The spatial patterns of precipitation, PET, and drought indices simulated by these eight models over the reference and future periods are discussed in the next section. In the following section, we present the MMM statistics obtained from the data outputs of these top eight models to evaluate the future hydroclimatic and drought changes over the AP.

Fig. 1
figure 1

Performance of CMIP6-GCMs for the period 1985–2014 over the AP in replicating various observational climate statistics for area-averaged precipitation and temperature.
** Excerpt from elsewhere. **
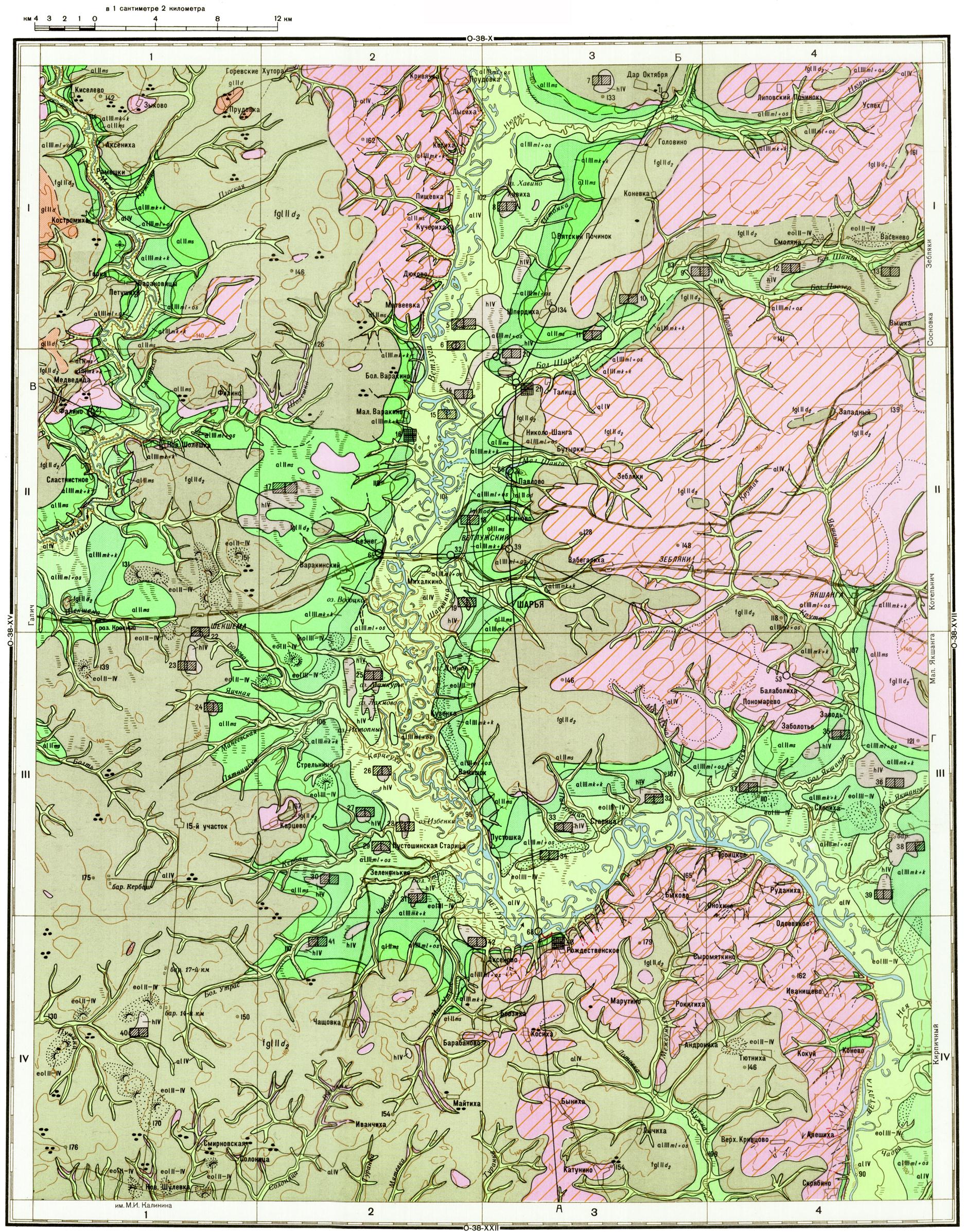 O-38-XVI. Геологическая карта СССР. Геологическая карта и карта полезных ископаемых четвертичных образований. Средневолжская серия

Observed hydroclimatic patterns

Figure 2 shows the spatial distributions of the mean annual precipitation and PET across the AP from the MSWX and the MMM, and their biases over the reference period 1985–2014. The MSWX observations (Fig. 2a) indicate that the southwestern coastal region west of the Asir Mountains receives the highest precipitation in the AP, while the Empty Quarter region receives minimal to no precipitation, which is in line with earlier observational studies16. The MMM reproduces these distributions well qualitatively (Fig. 2a and b). The precipitation in the MMM reveals a remarkable concurrence with observations, as evidenced by the minimal absolute biases (± 0.1 mm/day) over the significant Southwest and Northern regions (Fig. 2c). Due to the low precipitation, actual biases are quite low, however, the bias exceeds ± 100% when shown as a percentage difference (see Supplementary Fig. S2). We also compared MSWX precipitation with station’s data for the period 1991–2020 and found that MSWX well aligns with observations (see Supplementary Fig. S3). The higher rainfall in the northern peninsula region is primarily due to transient winter activities, which are not well represented by the low-resolution GCMs, leading to MSWX’s overestimation of precipitation. The pattern correlation between MSWX and MMM of precipitation is 0.77, which is highly significant at a 99% confidence level.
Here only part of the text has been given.